Task to carry out ▸ When a line of the material has the word "with" in it, copy that line.
Records shown START
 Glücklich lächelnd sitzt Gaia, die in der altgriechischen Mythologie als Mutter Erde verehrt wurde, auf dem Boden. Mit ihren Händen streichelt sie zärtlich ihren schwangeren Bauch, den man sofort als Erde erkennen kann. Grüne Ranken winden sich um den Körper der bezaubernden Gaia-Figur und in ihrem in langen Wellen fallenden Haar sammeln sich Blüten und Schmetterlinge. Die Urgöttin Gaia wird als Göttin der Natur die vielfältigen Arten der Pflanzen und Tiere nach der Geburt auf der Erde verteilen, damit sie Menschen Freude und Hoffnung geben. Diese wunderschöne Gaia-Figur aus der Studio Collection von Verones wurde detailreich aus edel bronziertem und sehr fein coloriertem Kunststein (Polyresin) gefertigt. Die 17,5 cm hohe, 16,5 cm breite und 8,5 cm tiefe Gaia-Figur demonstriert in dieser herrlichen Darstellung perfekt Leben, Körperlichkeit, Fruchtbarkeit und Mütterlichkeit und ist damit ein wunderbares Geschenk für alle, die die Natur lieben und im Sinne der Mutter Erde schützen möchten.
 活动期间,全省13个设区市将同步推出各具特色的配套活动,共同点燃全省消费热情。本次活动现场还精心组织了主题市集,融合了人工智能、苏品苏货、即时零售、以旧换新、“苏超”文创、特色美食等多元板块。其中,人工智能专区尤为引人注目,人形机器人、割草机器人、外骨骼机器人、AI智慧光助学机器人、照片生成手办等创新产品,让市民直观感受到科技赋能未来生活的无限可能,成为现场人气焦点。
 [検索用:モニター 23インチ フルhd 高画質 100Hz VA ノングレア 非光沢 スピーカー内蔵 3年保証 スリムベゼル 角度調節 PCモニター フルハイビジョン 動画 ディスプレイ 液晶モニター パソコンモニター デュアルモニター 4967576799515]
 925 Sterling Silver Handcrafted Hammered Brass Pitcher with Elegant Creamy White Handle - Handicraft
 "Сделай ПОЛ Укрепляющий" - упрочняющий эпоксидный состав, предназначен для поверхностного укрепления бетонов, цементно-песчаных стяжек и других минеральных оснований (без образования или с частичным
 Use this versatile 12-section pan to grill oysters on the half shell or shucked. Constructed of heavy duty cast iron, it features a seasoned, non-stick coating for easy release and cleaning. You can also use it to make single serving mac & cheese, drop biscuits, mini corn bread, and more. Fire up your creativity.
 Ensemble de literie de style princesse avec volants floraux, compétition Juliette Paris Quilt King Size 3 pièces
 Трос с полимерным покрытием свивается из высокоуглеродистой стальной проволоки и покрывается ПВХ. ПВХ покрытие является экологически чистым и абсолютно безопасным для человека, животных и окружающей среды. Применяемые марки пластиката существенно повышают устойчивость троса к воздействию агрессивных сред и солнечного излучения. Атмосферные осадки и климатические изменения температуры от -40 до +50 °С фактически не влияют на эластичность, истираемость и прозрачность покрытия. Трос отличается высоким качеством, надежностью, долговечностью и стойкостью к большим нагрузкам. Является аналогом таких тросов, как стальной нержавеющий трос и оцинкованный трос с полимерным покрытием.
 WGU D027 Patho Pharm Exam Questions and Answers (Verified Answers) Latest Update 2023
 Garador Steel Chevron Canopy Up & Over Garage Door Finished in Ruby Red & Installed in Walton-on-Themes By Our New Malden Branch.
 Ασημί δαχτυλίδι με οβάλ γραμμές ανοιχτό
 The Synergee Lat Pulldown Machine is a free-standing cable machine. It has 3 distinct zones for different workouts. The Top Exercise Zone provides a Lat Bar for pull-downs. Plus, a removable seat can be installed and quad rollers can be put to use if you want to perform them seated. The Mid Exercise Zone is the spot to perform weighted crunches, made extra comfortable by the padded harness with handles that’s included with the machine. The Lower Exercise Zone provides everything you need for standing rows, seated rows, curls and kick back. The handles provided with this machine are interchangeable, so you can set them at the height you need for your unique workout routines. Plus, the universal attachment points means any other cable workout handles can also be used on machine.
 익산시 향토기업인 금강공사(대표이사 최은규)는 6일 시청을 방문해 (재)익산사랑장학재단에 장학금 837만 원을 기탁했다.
Records shown END
Result of this task ▸
 925 Sterling Silver Handcrafted Hammered Brass Pitcher with Elegant Creamy White Handle - Handicraft
 The Synergee Lat Pulldown Machine is a free-standing cable machine. It has 3 distinct zones for different workouts. The Top Exercise Zone provides a Lat Bar for pull-downs. Plus, a removable seat can be installed and quad rollers can be put to use if you want to perform them seated. The Mid Exercise Zone is the spot to perform weighted crunches, made extra comfortable by the padded harness with handles that’s included with the machine. The Lower Exercise Zone provides everything you need for standing rows, seated rows, curls and kick back. The handles provided with this machine are interchangeable, so you can set them at the height you need for your unique workout routines. Plus, the universal attachment points means any other cable workout handles can also be used on machine.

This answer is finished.